Is the applicant entitled to interest on any overdue payment of benefits?
RESULT
3The application is dismissed.
4The applicant is not entitled to the treatment plans for physiotherapy (issues 1a, 1b, 1c, and 1d).
5The applicant is not entitled to the balance of the treatment plans for psychological services, identified as issues 1e and 1f.
6Interest is not payable.
ANALYSIS
Is the applicant entitled to physiotherapy (identified as issues 1a, 1b and 1c?)
7The applicant is not entitled to the treatment plans for physiotherapy.
8To receive payment for a treatment and assessment plan under s. 15 and 16 of the Schedule, the applicant bears the burden of demonstrating on a balance of probabilities that the benefit is reasonable and necessary as a result of the accident. To do so, the applicant should identify the goals of treatment, how the goals would be met to a reasonable degree and that the overall costs of achieving them are reasonable.

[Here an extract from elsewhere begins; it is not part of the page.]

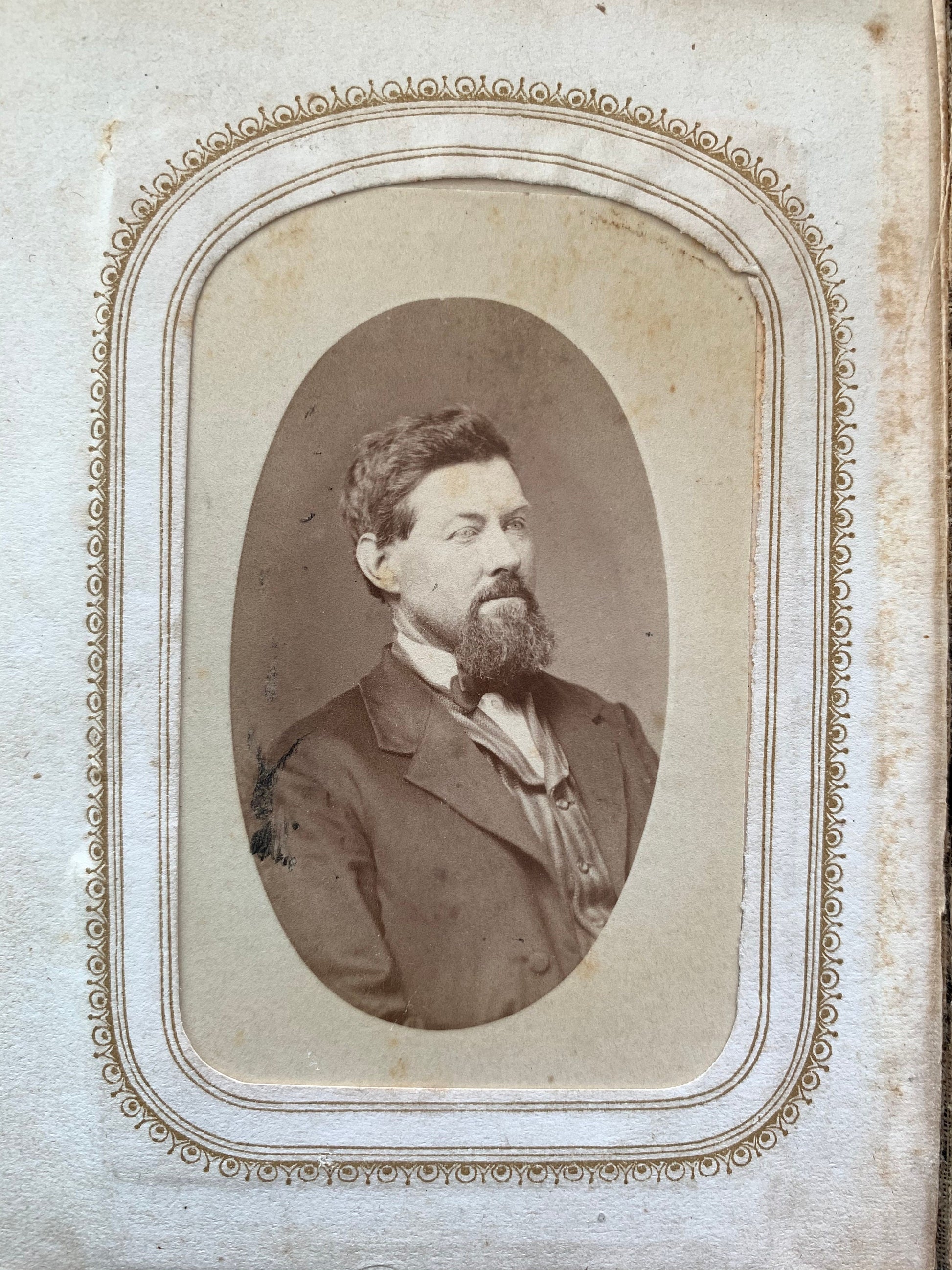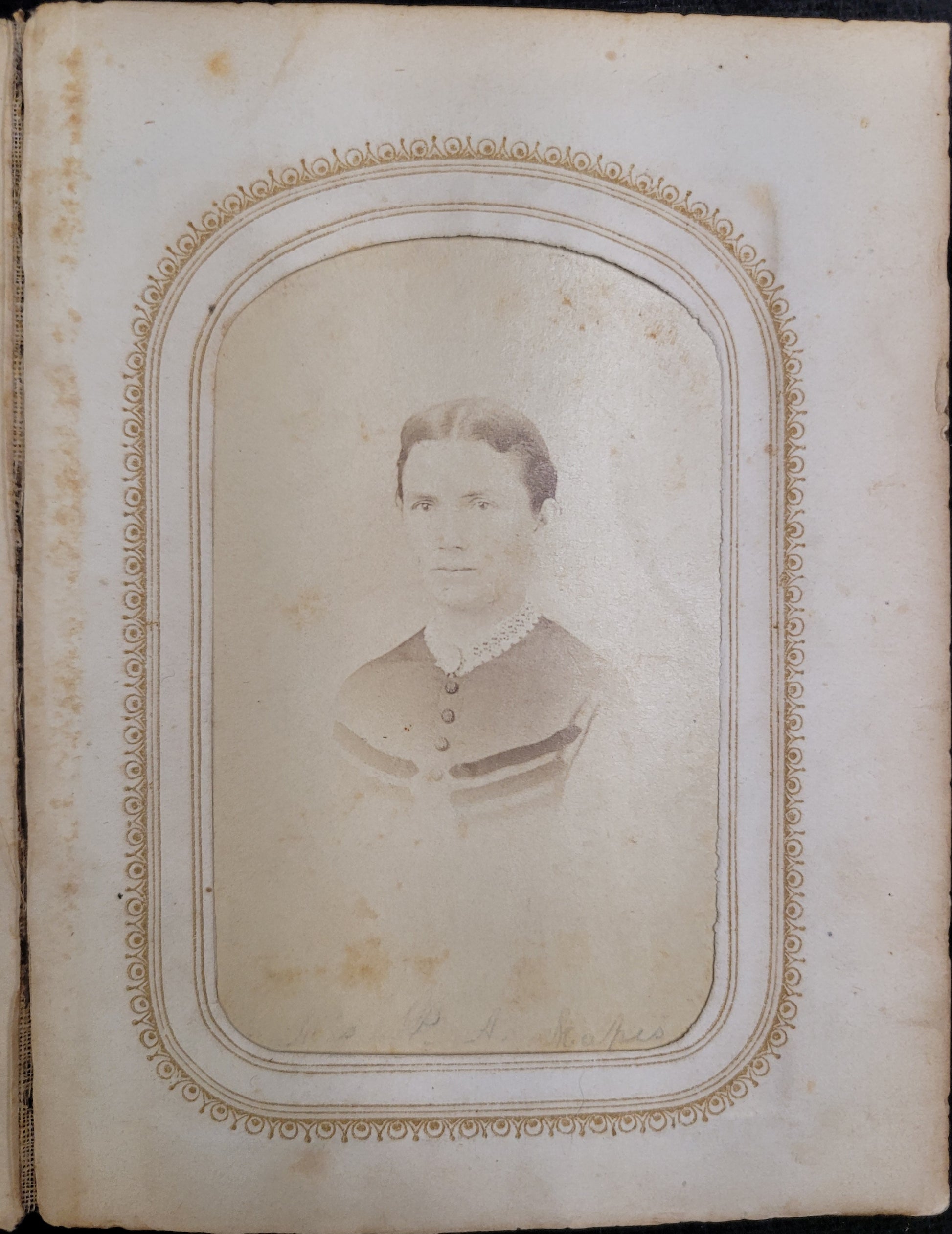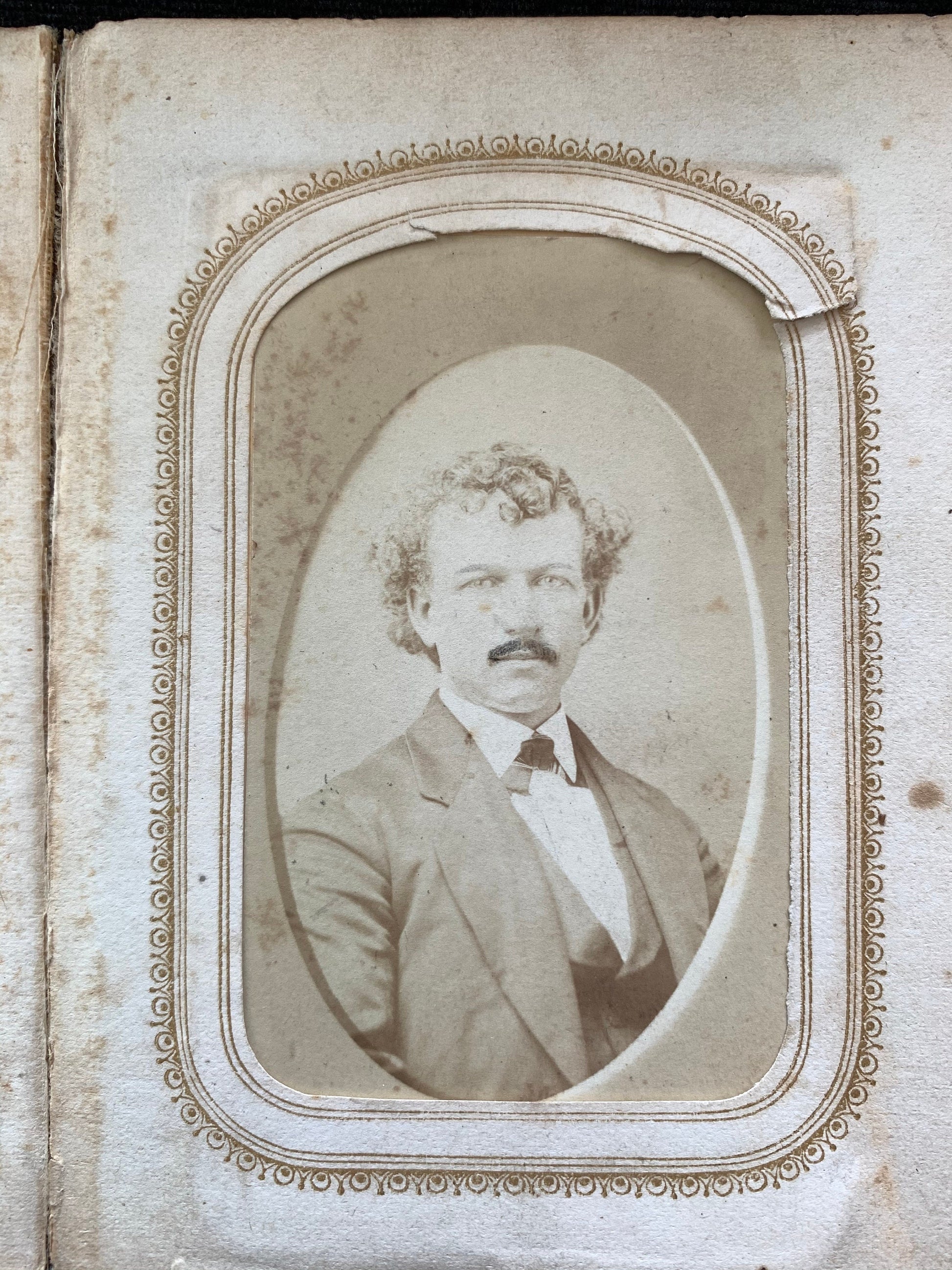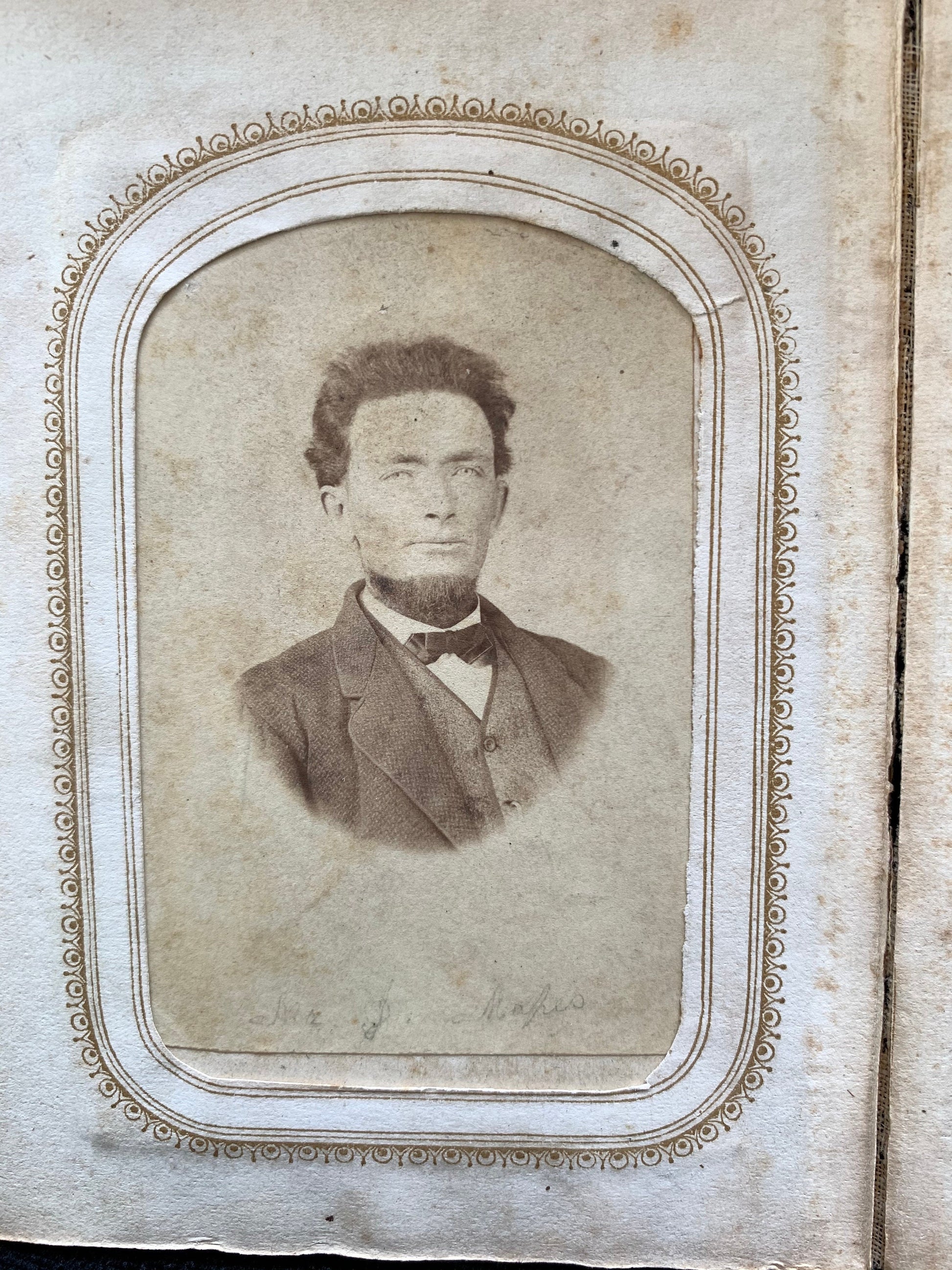This is a very interesting piece! It is a set of four photos, two on each side, held together like they were pages in a photo album. Some of the binding can still be seen. One side features a two portraits of two different men, and the other side features a portrait of a man and a portrait of a woman. The names of the man and woman were written at the bottom of their photos but have faded beyond legibility. None of the individuals are smiling, as was common in most photos from this time period, as the subject had to sit still for quite some time while the photograph was being taken. These were likely taken in the 1860s or 1870s.

9In dispute are three treatment plans, calling for a total of 54 therapy sessions with a stated goal of pain reduction, increased strength and increased mobility, and all with a functional goal of a return to the activities of normal living. I note that the issues in dispute lists them as chiropractic treatment plans, but for the sake of this hearing I shall refer to them as physiotherapy plans.
10The applicant submits that she has produced ample evidence of objective, third party evidence showing that she was receiving benefit from physiotherapy, and until her benefits were denied she was attending twice a week. She depends on the Clinical Notes and Records (CNRs) of the treatment provider, Alma Rehab, as well as the CNRs of her primary care physicians, Dr’s Zettle and Sequiera. I note from the CNRs that she made complaints of pain improving with physiotherapy on November 9, 2022; December 21, 2022; July 19, 2023; June 19, 2024 and September 25, 2025. There are multiple referrals for physiotherapy, dated December 2022, September 2024 and November 2024.
11The respondent argues that physiotherapy is not reasonable and necessary, and that the applicant has not met her onus. To support its claim, the respondent relies on the s.44 Insurers Examination (IE) report by General Practitioner Dr. Panjak Bansal, who conducted an in-person assessment in February 2023, with a paper review dated August 2023. Dr. Bansal opined that the applicant was suffering from soft tissue sprain and strain type injuries. I note the IE was conducted for the purpose of determining whether the applicant should be removed from the MIG. I further note the applicant has since been removed from the MIG and the respondent has funded $32,000 worth of physiotherapy and psychological services.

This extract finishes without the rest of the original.